Shirazi K K, Agha F P, Strodel W E, Amendola M A, Nostrant T T, Dent T L
J Can Assoc Radiol. 1984 Jun;35(2):116-9.
Fifty patients with acute onset of colonic dilatation without mechanical obstruction were evaluated before and after colonoscopic decompression. Colonic dilatation, as demonstrated radiographically, was segmental or consistent with mechanical obstruction in 33 (66%). Signs of impending cecal perforation were seen in five (10%) and these patients had colonoscopic decompression, tube cecostomy, or both. Following colonic decompression, cecal diameter may remain unchanged for two to four days, despite decreased abdominal girth and even shortening of the colon radiographically. Improvement in pain, distention, tenderness, fever and leukocytosis may precede radiographic improvement. The radiologist must recognize this entity, look for signs of impending perforation and signs of bowel shortening, with or without decompression after treatment. Barium studies of the colon should be avoided since they can hamper the endoscopic diagnosis and treatment of colonic dilatation.

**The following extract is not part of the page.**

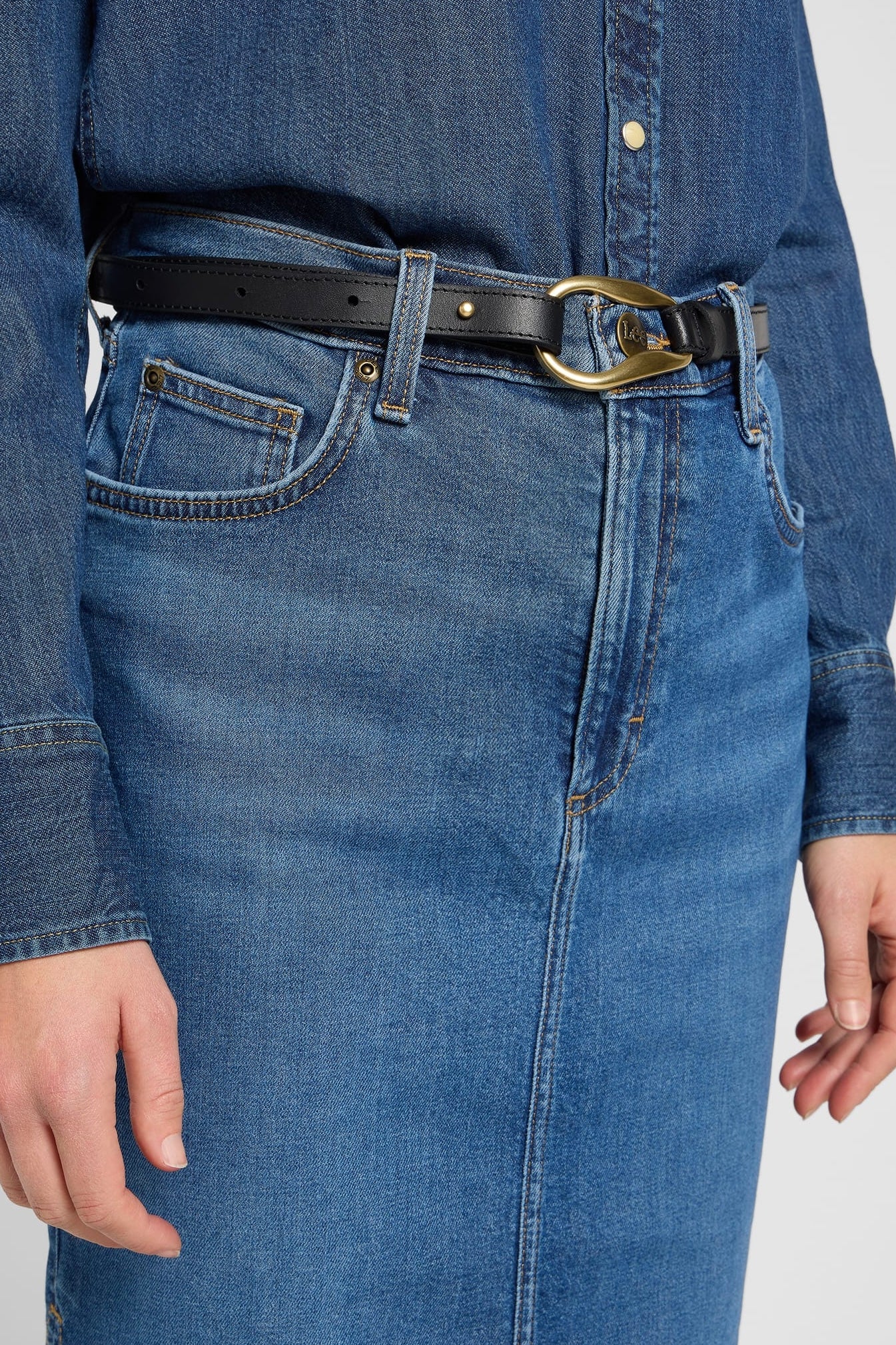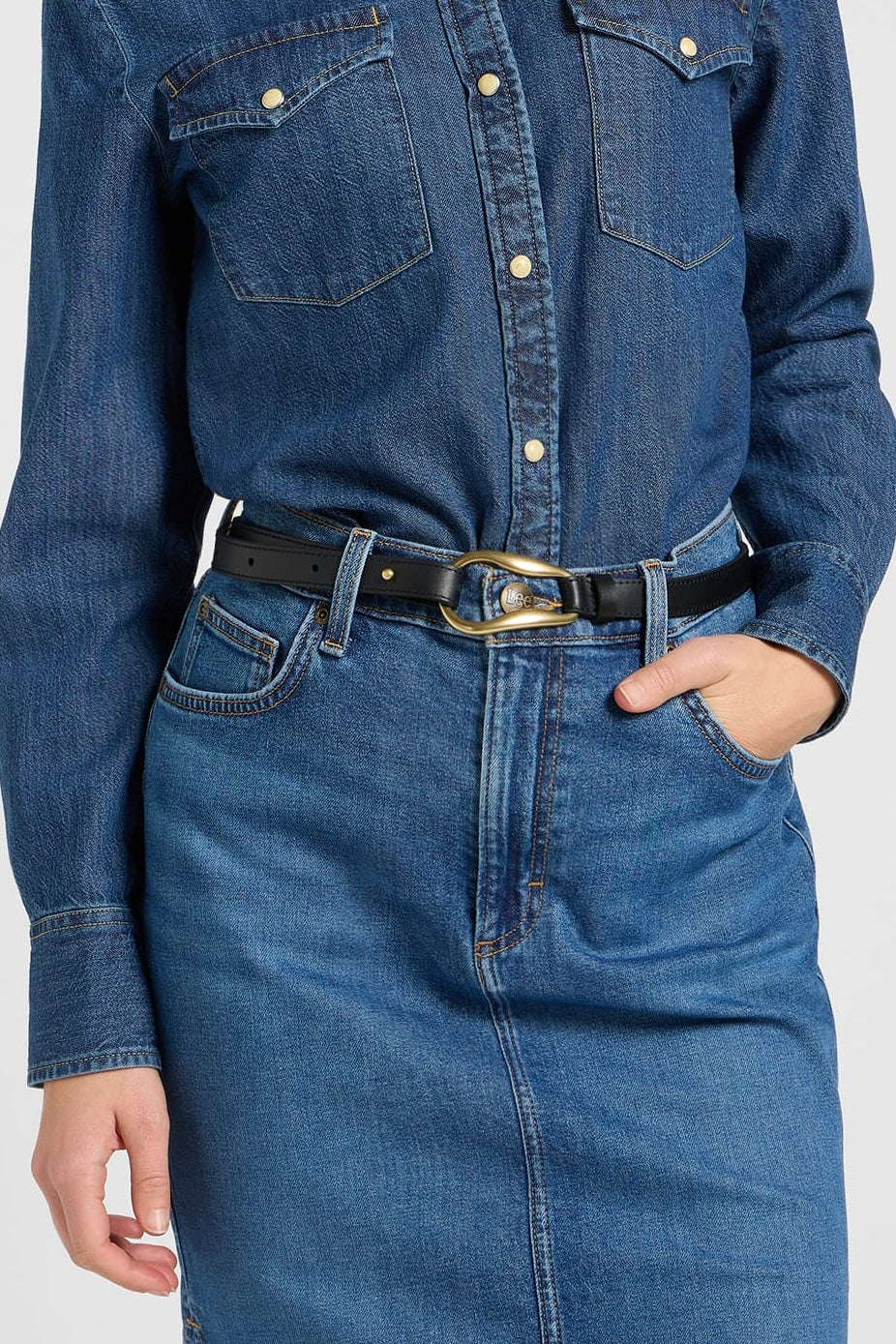 - חגורה אלגנטית עם אבזם גלי מעוגל בגימור זהב תוספת מושלמת לכל לוק שדורש גימור מדויק.

对50例无机械性梗阻的急性结肠扩张患者在结肠镜减压前后进行了评估。影像学显示,33例(66%)患者的结肠扩张为节段性或与机械性梗阻一致。5例(10%)患者出现盲肠即将穿孔的迹象,这些患者接受了结肠镜减压、盲肠造瘘术或两者兼施。结肠减压后,尽管腹围减小,甚至影像学显示结肠缩短,但盲肠直径可能在两到四天内保持不变。疼痛、腹胀、压痛、发热和白细胞增多的改善可能先于影像学改善。放射科医生必须认识到这种情况,寻找即将穿孔的迹象和肠管缩短的迹象,无论治疗后是否进行了减压。应避免进行结肠钡剂检查,因为它们会妨碍结肠扩张的内镜诊断和治疗。